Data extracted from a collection
**********
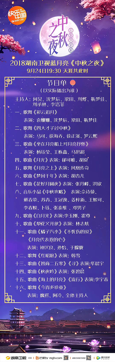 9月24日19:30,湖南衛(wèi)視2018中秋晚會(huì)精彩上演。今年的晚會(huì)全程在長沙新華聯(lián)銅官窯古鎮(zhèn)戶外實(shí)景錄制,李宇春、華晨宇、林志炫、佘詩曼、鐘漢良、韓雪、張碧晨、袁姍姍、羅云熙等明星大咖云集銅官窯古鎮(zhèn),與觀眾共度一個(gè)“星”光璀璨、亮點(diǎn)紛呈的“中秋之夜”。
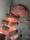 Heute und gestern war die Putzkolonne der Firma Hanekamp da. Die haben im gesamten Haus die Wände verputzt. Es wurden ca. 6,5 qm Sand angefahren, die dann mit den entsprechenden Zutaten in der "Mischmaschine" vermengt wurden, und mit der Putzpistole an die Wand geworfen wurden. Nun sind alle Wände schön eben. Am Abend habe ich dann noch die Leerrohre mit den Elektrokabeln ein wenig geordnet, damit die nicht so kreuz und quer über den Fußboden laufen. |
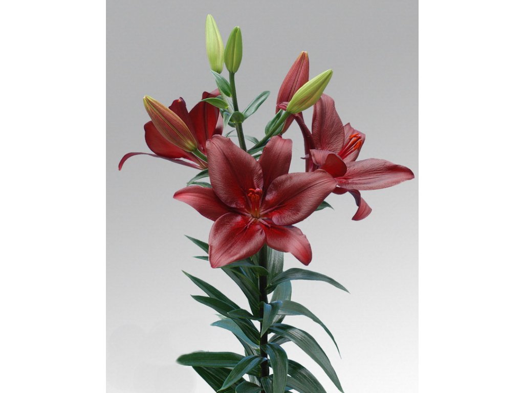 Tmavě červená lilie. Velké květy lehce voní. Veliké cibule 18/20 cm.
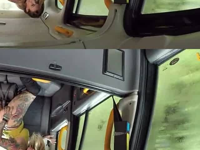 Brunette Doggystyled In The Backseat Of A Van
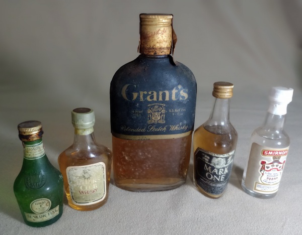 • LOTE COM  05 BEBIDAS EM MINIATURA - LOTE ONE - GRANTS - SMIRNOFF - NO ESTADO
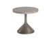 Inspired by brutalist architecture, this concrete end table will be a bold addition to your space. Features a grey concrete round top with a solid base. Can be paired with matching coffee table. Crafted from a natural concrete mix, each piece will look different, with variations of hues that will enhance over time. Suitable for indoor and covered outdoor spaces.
**********
--- What you need to do ---
Go through the entries and retype them exactly, except for the images.

--- Exercise response ---
 9月24日19:30,湖南衛(wèi)視2018中秋晚會(huì)精彩上演。今年的晚會(huì)全程在長沙新華聯(lián)銅官窯古鎮(zhèn)戶外實(shí)景錄制,李宇春、華晨宇、林志炫、佘詩曼、鐘漢良、韓雪、張碧晨、袁姍姍、羅云熙等明星大咖云集銅官窯古鎮(zhèn),與觀眾共度一個(gè)“星”光璀璨、亮點(diǎn)紛呈的“中秋之夜”。
 Heute und gestern war die Putzkolonne der Firma Hanekamp da. Die haben im gesamten Haus die Wände verputzt. Es wurden ca. 6,5 qm Sand angefahren, die dann mit den entsprechenden Zutaten in der "Mischmaschine" vermengt wurden, und mit der Putzpistole an die Wand geworfen wurden. Nun sind alle Wände schön eben. Am Abend habe ich dann noch die Leerrohre mit den Elektrokabeln ein wenig geordnet, damit die nicht so kreuz und quer über den Fußboden laufen. |
 Tmavě červená lilie. Velké květy lehce voní. Veliké cibule 18/20 cm.
 Brunette Doggystyled In The Backseat Of A Van
 • LOTE COM  05 BEBIDAS EM MINIATURA - LOTE ONE - GRANTS - SMIRNOFF - NO ESTADO
 Inspired by brutalist architecture, this concrete end table will be a bold addition to your space. Features a grey concrete round top with a solid base. Can be paired with matching coffee table. Crafted from a natural concrete mix, each piece will look different, with variations of hues that will enhance over time. Suitable for indoor and covered outdoor spaces.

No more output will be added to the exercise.